Methods: A retrospective cohort study utilized data from a US commercial managed-care database (2010–2012). Adult patients with ≥1 diagnosis of atrial fibrillation/flutter (ICD-9 427.31/32), >1 prescription of NOACs and CHA2DS2-VASc score ≥1 were included. Patients were categorized as adherent versus nonadherent (using proportion of days covered [PDC ≥80%]) based on their NOAC use up to 6 months and those continued its use up to 12 months. The patients were matched using propensity score (based on inverse probability treatment weighting) and the risk of IS, MB, DVTPE outcomes was evaluated for the matched cohorts’ post-adherence (exposure) assessment using multivariable Cox regression.
Results: A total of 3,629 and 1,946 patients with at least 6 and 12 months of NOAC use were included. Based on a PDC threshold of ≥80%, adherence rates at 6 and 12 month usage were 77% and 76%, respectively. Patients with lowest adherence were from the South, had low stroke risk and EPO/HMO insurance. Using Cox models with matched cohorts, nonadherence within the first 6 months’ use was significantly associated with higher risk of IS and DVTPE (IS: hazard ratio [HR] = 1.82, p = .002; DVTPE: HR = 2.12, p = .010) and the risk increased with nonadherence for the prolonged period of 12 months’ use (IS: HR = 2.08, p = .022; DVTPE: HR = 5.39, p = .003). The risk of MB was not different (p > .05) between adherent and nonadherent groups for both 6 month and 12 month cohorts.

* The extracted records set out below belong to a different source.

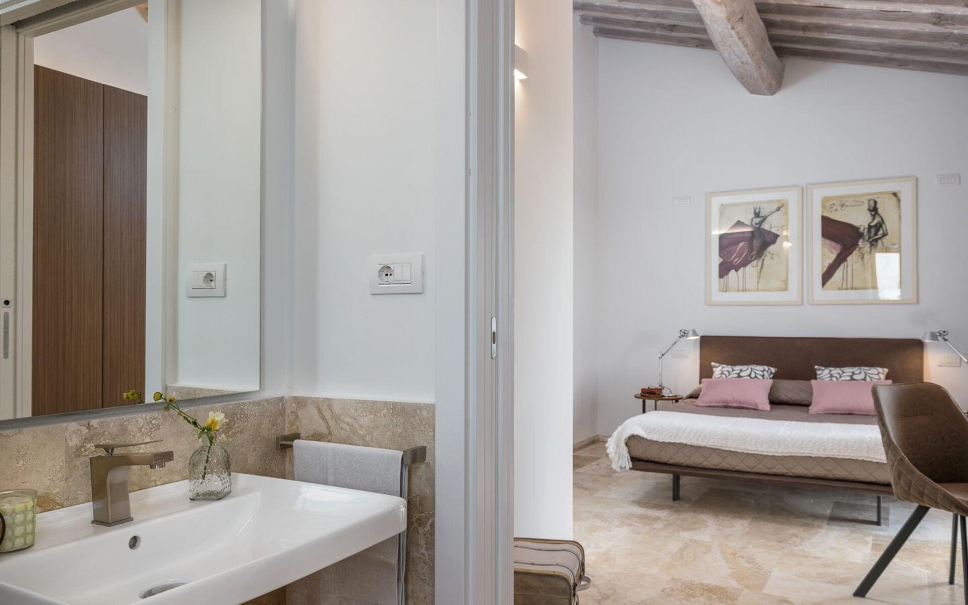 Der Schlafbereich der Villa Fibbiano besteht aus 3 Doppelschlafzimmern, alle mit eigenem Bad mit Dusche. Die ersten beiden Schlafzimmer befinden sich im Erdgeschoss und blicken direkt auf den Garten, während das dritte eine große Suite ist, die sich im ersten Stock befindet und einen herrlichen Blick auf die Landschaft bietet. Die Suite hat auch ein privates Wohnzimmer im Erdgeschoss.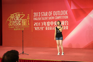 2013年“希望之星”英语达人秀全国总决赛是由国家广电总局正式批准、中央电视台社教节目中心举办的面向全国的大型电视英语比赛,总决赛在北京央视大厅举行。共有来自全国26个省代表150名选手参加此次大赛。大赛于今年4月拉开帷幕,历经多次选拔比赛,我校史玥晨同学进入总决赛,在总决赛的 “个性演讲”、英文才艺、英语情景角色扮演以及个人才艺四个环节中表现优异,以扎实的英语技能、精彩的英语演讲、敏捷的思维和出色的个人才艺征服大赛评委和观众,并以356.30分的好成绩一举夺得全国总决赛第三名(四川省第一名),摘得大赛银奖。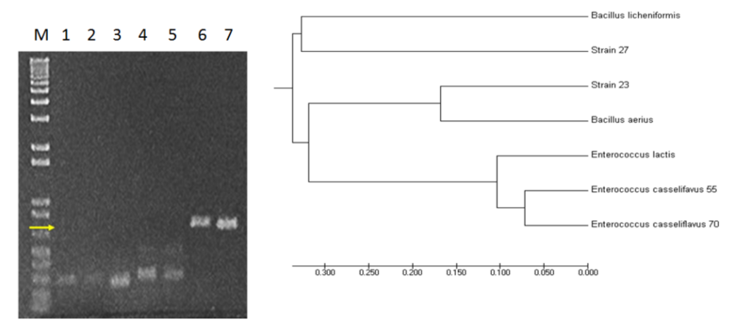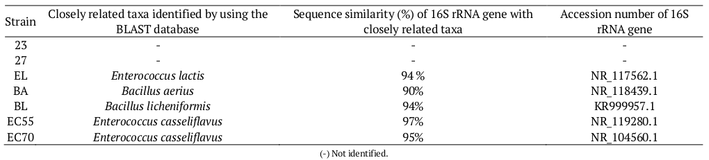 Bacterial strains were identified taxonomically by 16S rDNA gene sequencing (Table 1). Comparing these 16S rDNA sequences to those in NCBI/GenBank, the isolated strains were found to belong to the genera Enterococcus and Bacillus, sharing more than 90% similarity to their closest relatives. The sequences of strains 23 and 27 did not align with any microorganisms deposited in the DNA database.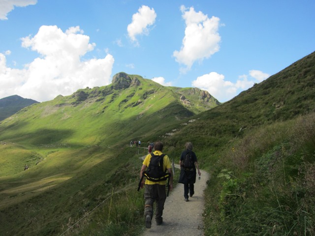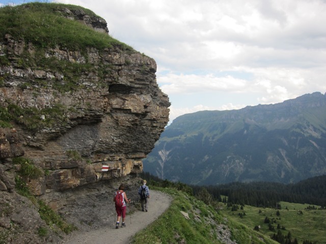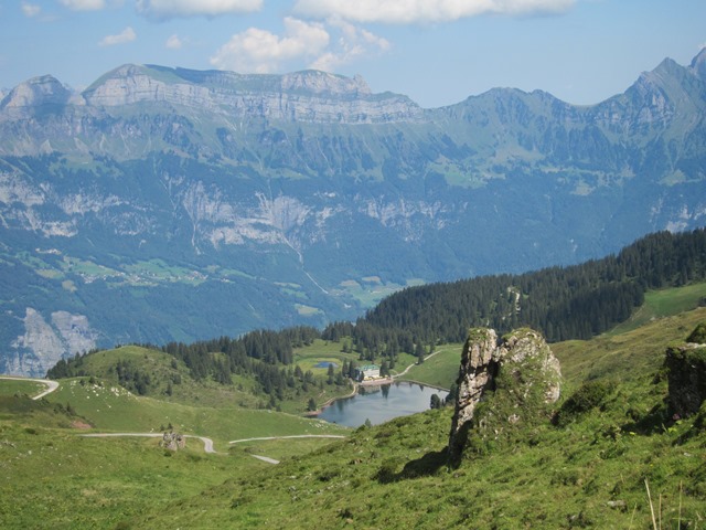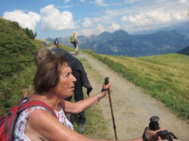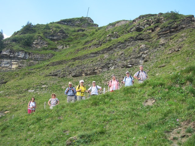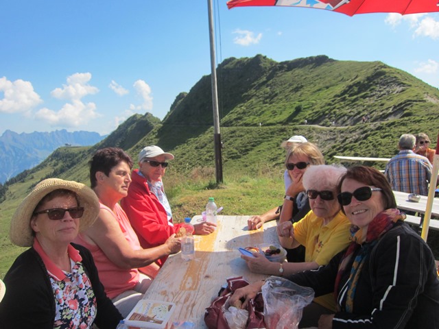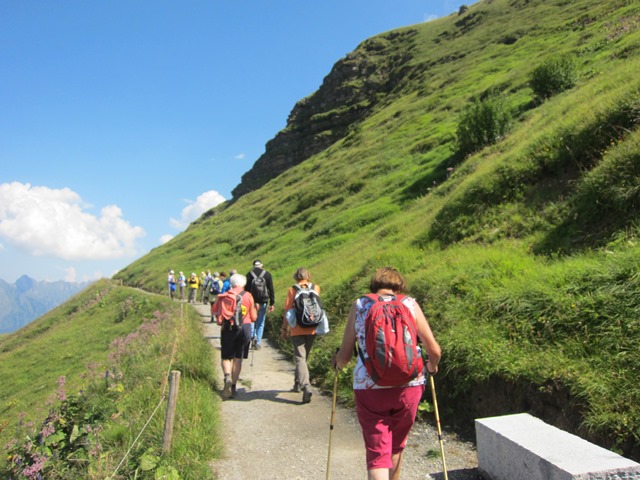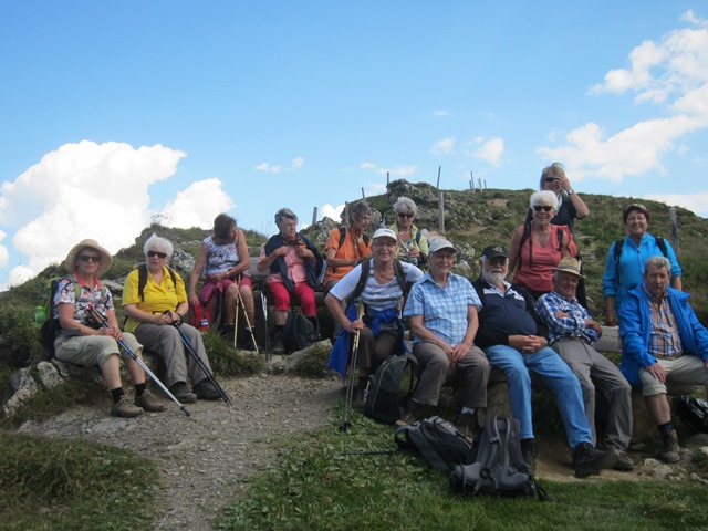Bei schönem Sommerwetter starteten 30 Teilnehmer zur Fahrt in die schweizer Flumserberge. Nach einer kurzen Kaffee-Brezel-Pause an der Autobahn brachte uns der Bus an die Talstation Tannenheim zur Gondelfahrt auf die Prodalp und weiter mit dem 8-er-Sessellift hinauf zum Prodkamm 1939 m. Von der Gondel aus hatten wir eine gigantische Sicht auf den Walensee und die Churfirsten. Gewandert wurde auf meist ebenen Wegen mit schöner Aussicht auf den Spitzmeilen 2.500 m zur Bergstation Maschgenkamm 2020 m. Gruppe 1 mit 14 Personen – darunter 3 Wanderer von der Bergsteigergruppe – verfehlte anfangs den richtigen Weg und musste dann einen schwierigen alpinen Abstieg bewältigen. Auf dem Maschgenkamm trafen sich dann beide Gruppen wieder. Gemeinsam ging es um den Ziger herum. Am imposanten Sächsmoor-Massiv 2196 m – immer die Churfirsten vor Augen – marschierten wir nach Chrüzen. Dort trennten sich die Gruppen nochmals. Gruppe 1 nahm den Wirtschaftsweg hinab – vorbei an der Alp Grueb zum Seebenalpsee 1600 m – und weiter abwärts mit Blick auf den Walensee über den Winkelzahn, Molseralp zur Talstation Tannenboden 1400 . Gruppe 2 bevorzugte den angenehmen Höhenweg zurück zur Bergstation und fuhr mit der Gondel bzw. Sessellift wieder hinunter. Ein paar schwarze Wolken am Himmel konnten uns nichts mehr anhaben. Im Sonne-Wolken-Spiel verfärbten sich Berge und Almen. Mit dem Bus fuhren wir zur naheliegenden Talstation Tannenboden, wo Gruppe 1 bei einem kühlen Bierchen auf uns wartete. Nach einer längeren Heimfahrt machten wir unseren Abschluß in Behla. Alle waren sich einig: war das eine tolle Bergtour – trotz der großen Anstrengung – .
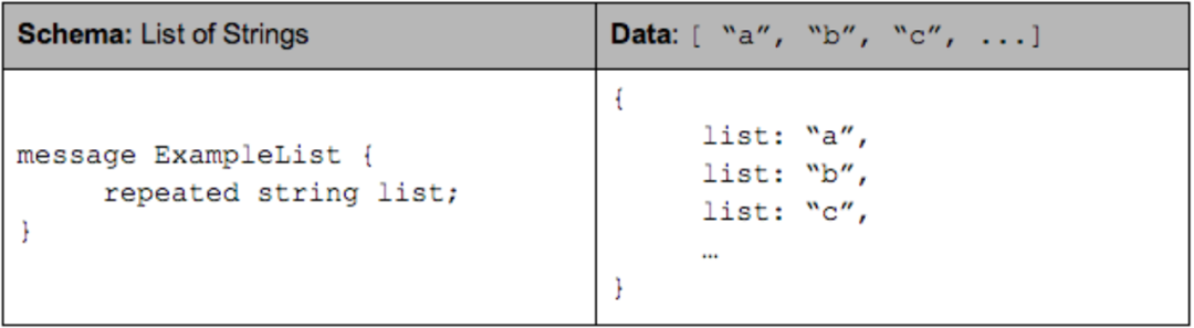 这个模型非常的简洁。一些复杂的数据类型如:Map/List/Set 也可以用重复的字段(repeated fields) + groups 来表达,因此也就不用再单独定义这些类型。

Conclusion: Adherence to NOACs for both 6 months and prolonged use (up to 12 months) was associated with a reduction in IS and DVTPE risk, but did not substantially increase risk of MB. Further studies on newer, individual NOACs and older populations are warranted.
Transparency
Declaration of funding
Funding to acquire the data source was provided by the College of Pharmacy, University of Rhode Island.
Author contributions: C.G.D. was involved in the conceptualization of the hypothesis, analyses and writing the draft manuscript. S.K. and C.W. were involved in the conceptualization of the study design, acquisition of the data and data interpretation. R.L. was involved in planning statistical analyses and review.
Declaration of other relationships
C.G.D. has disclosed that he is now an employee of Pharmerit International, Bethesda, MD, USA. S.K., R.L. and C.W. have disclosed that they have no significant relationships with or financial interests in any commercial companies related to this study or article.
CMRO peer reviewers on this manuscript have no relevant financial or other relationships to disclose.
Acknowledgements
The Optum Clinformatics Data Mart data was accessed through the data server with the help of Data Manager and Staff at the University of Rhode Island.